Travel plans are coordinated at Casa de Paz. That’s when we activate the remote companions to search for bus or plane tickets and hotel rooms, and to contact family members or friends. For most folks, we’re able to find a same day bus or plane ticket. We use an online spreadsheet to track all details related to travel that’s shared with volunteers.

Then we eat dinner, and go shopping (again)! for additional clothing and other items.


Once we arrive at the airport, the first thing we do is to print out tickets at the counter or kiosk. Then we prepare our guest for interaction with TSA so they’re not surprised or afraid. As we walk them to the gate, we make sure to point things out along the way, such as bathrooms and customer service. All these little things are so helpful and reassuring to our guests. And, if needed, we also run through a connecting flight scenario.


Here again, the first thing we do is print out a ticket. If required, we’ll ask someone to help explain the transfer process.

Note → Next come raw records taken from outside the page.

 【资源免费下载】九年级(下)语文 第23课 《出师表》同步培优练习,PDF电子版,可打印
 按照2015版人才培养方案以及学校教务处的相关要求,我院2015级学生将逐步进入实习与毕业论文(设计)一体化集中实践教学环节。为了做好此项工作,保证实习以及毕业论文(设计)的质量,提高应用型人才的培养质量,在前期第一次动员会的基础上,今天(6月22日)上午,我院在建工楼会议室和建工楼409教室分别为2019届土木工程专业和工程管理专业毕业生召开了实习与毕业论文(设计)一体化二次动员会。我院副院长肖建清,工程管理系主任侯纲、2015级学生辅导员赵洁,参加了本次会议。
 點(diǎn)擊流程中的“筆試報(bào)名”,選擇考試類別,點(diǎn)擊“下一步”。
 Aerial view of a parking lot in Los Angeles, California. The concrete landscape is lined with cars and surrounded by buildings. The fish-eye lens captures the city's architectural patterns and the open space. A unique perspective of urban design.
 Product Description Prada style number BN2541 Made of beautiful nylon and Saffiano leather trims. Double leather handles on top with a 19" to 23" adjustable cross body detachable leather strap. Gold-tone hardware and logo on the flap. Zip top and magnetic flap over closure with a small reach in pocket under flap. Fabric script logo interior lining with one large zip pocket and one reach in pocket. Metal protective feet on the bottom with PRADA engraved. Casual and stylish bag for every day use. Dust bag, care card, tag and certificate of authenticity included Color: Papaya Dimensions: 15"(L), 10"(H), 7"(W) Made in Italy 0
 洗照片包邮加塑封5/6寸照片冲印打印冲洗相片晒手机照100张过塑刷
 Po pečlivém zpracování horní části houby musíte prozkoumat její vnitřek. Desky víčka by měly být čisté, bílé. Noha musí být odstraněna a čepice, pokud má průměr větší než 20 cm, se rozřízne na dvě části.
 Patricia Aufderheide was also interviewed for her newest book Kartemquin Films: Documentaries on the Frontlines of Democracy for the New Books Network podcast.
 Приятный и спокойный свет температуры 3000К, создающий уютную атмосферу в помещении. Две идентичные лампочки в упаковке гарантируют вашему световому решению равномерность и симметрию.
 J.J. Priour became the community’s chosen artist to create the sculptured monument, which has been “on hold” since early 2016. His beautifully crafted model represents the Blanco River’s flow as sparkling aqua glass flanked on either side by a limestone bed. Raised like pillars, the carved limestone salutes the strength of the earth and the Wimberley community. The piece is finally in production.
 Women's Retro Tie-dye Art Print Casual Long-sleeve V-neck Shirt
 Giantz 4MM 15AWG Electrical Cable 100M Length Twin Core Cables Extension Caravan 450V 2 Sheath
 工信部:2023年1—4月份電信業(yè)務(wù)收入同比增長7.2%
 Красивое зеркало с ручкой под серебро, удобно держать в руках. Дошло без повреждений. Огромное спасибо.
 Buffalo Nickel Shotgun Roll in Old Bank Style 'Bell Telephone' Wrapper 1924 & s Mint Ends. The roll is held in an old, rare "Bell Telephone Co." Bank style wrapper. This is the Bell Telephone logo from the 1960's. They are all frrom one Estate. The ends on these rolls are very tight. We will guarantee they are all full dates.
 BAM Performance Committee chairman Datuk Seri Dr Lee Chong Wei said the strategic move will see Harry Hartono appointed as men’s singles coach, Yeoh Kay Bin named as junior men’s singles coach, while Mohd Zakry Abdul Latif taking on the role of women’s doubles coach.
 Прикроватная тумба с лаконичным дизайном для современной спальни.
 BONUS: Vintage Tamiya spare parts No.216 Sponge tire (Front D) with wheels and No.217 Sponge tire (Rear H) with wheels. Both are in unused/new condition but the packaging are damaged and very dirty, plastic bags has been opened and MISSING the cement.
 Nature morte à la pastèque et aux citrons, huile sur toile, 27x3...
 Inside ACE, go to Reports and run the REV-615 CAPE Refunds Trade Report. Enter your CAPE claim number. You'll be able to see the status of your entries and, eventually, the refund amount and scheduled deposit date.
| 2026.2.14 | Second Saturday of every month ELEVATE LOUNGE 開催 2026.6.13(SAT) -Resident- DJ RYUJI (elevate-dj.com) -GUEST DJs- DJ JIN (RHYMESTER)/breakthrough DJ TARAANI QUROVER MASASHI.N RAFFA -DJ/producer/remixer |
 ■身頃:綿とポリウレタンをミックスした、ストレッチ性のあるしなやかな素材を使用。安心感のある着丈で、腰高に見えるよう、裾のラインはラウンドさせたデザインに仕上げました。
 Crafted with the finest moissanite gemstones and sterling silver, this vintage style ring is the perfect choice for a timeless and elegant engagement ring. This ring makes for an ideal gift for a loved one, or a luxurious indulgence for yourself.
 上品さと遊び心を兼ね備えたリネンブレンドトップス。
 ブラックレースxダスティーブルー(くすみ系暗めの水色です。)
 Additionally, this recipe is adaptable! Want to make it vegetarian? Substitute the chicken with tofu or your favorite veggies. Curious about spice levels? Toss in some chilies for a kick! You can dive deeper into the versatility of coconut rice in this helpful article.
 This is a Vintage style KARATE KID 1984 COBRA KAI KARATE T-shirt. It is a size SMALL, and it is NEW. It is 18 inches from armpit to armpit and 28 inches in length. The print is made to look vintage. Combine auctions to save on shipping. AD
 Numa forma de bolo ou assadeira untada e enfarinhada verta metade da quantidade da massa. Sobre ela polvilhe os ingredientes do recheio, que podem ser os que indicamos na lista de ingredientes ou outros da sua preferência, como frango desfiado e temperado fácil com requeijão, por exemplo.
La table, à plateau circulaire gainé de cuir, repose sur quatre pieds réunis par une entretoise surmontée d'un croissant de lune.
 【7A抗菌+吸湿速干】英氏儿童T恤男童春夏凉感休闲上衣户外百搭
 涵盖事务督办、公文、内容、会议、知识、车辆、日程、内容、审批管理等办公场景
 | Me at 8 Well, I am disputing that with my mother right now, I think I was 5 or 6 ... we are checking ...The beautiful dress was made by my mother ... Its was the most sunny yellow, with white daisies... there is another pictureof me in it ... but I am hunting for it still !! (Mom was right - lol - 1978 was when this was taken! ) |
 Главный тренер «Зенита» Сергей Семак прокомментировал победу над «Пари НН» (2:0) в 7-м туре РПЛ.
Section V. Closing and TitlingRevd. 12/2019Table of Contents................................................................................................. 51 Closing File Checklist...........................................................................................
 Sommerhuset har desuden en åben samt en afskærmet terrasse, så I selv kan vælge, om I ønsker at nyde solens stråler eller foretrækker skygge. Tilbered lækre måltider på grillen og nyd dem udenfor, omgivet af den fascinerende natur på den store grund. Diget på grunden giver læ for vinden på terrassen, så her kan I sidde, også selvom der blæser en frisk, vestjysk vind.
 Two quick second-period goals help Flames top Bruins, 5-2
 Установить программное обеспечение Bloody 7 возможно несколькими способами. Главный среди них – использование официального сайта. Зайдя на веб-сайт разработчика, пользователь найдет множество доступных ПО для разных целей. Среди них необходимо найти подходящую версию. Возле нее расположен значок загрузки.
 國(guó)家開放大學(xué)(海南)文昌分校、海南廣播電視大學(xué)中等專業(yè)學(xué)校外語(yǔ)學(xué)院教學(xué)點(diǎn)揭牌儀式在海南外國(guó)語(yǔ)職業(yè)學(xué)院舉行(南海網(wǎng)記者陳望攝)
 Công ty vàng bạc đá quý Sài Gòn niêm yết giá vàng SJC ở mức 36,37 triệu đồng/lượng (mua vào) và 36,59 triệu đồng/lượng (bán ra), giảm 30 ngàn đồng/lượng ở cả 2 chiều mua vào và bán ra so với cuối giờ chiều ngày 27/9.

If a guest doesn’t have an ID then we ask a volunteer to book a room under their name.

Finally, we ask our guests to let us know when they have arrived safely at their destination. We let them know we’d love to keep in touch with them. We also connect them to other organizations in the area we know and trust, and ask them if they need assistance with ESL courses or job searches.

This is simple, but important work. While we are there to provide basic necessities for someone to get to their final destination, what we’re doing is so much more. We are reminding folks that they not only are welcome here, but that they belong here. Standing alongside our immigrant friends that are impacted by ICE detention is one way that we, as global citizens, can create a more welcoming world for all of us to live in.